(Stored items from a collection)
────────────────────

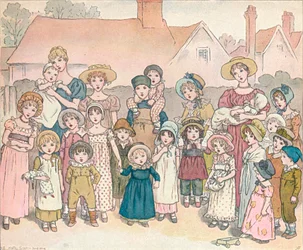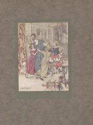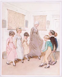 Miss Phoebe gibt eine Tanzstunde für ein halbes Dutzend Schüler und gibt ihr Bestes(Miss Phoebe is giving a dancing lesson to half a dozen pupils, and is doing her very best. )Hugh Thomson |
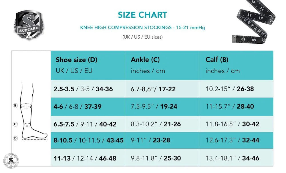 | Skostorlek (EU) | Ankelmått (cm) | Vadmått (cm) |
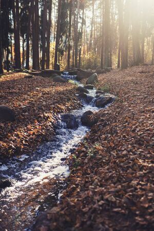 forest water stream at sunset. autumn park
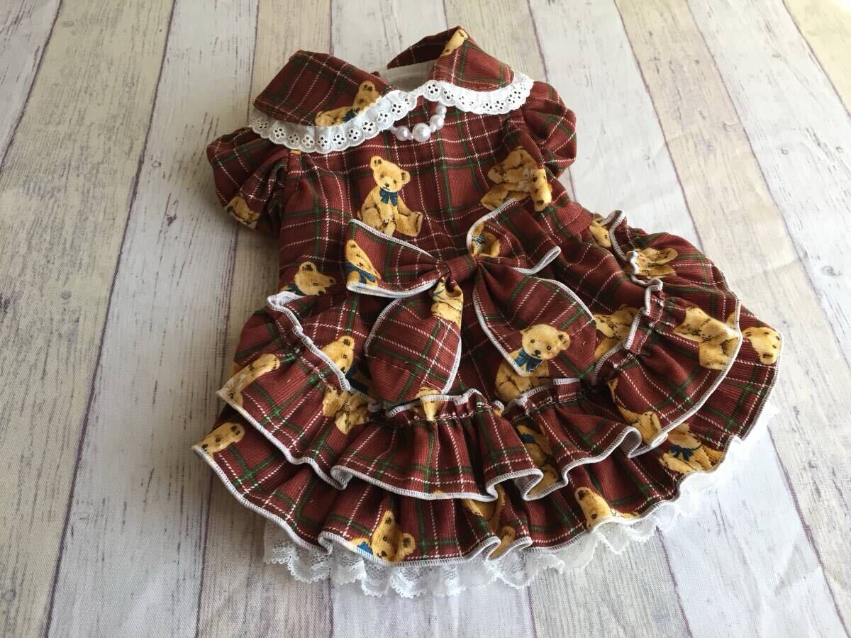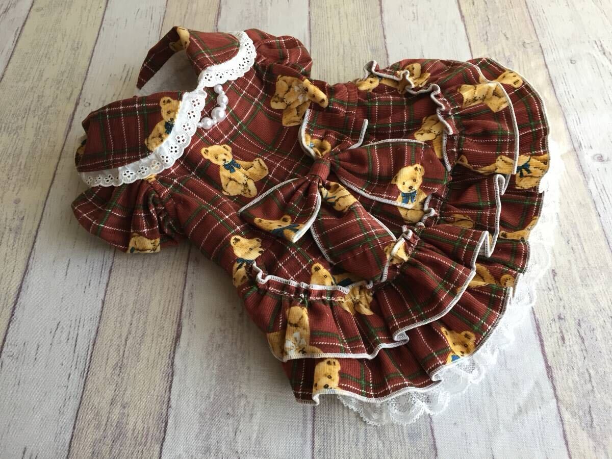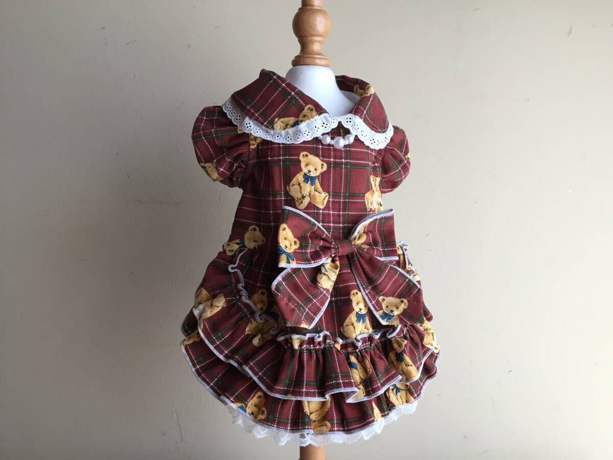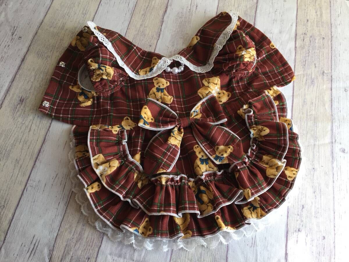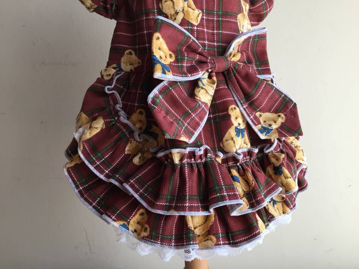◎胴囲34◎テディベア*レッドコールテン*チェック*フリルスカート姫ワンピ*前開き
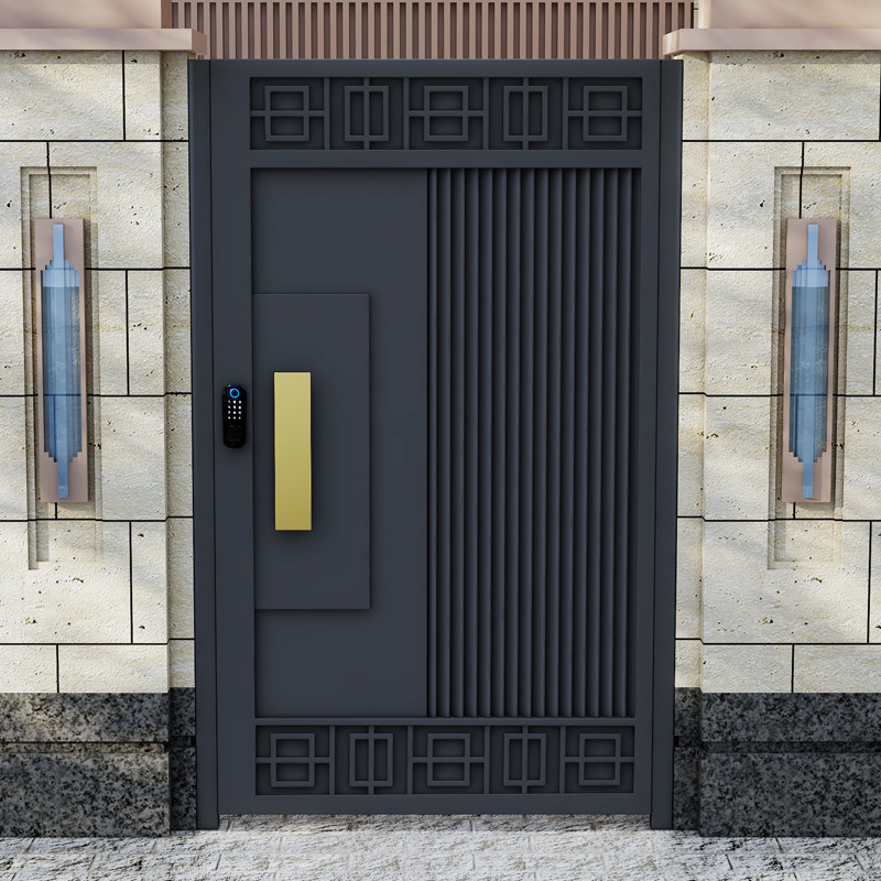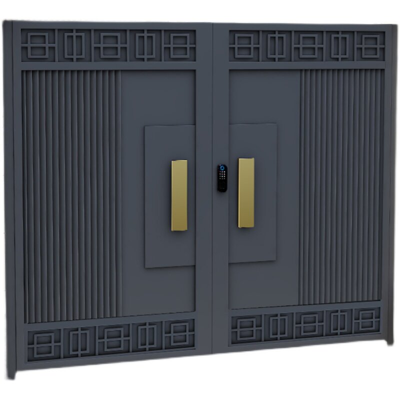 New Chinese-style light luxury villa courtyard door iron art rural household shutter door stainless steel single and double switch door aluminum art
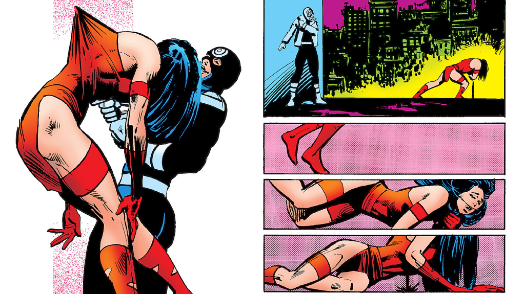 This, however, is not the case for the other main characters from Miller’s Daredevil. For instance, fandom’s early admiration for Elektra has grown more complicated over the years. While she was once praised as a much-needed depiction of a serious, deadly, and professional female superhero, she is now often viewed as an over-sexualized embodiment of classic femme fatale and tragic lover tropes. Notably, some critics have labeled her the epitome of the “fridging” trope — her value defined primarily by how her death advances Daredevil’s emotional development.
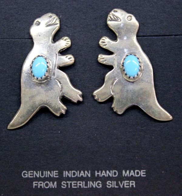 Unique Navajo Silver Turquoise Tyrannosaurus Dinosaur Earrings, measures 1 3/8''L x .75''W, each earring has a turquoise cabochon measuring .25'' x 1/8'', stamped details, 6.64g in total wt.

────────────────────

-- EXERCISE BRIEF --
Beginning with the first entry above, reproduce every line verbatim until the line with "New Chinese-style light", which is included too; omit pictures.

-- ANSWER FOR THE TASK --
 Miss Phoebe gibt eine Tanzstunde für ein halbes Dutzend Schüler und gibt ihr Bestes(Miss Phoebe is giving a dancing lesson to half a dozen pupils, and is doing her very best. )Hugh Thomson |
 | Skostorlek (EU) | Ankelmått (cm) | Vadmått (cm) |
 forest water stream at sunset. autumn park
◎胴囲34◎テディベア*レッドコールテン*チェック*フリルスカート姫ワンピ*前開き
 New Chinese-style light luxury villa courtyard door iron art rural household shutter door stainless steel single and double switch door aluminum art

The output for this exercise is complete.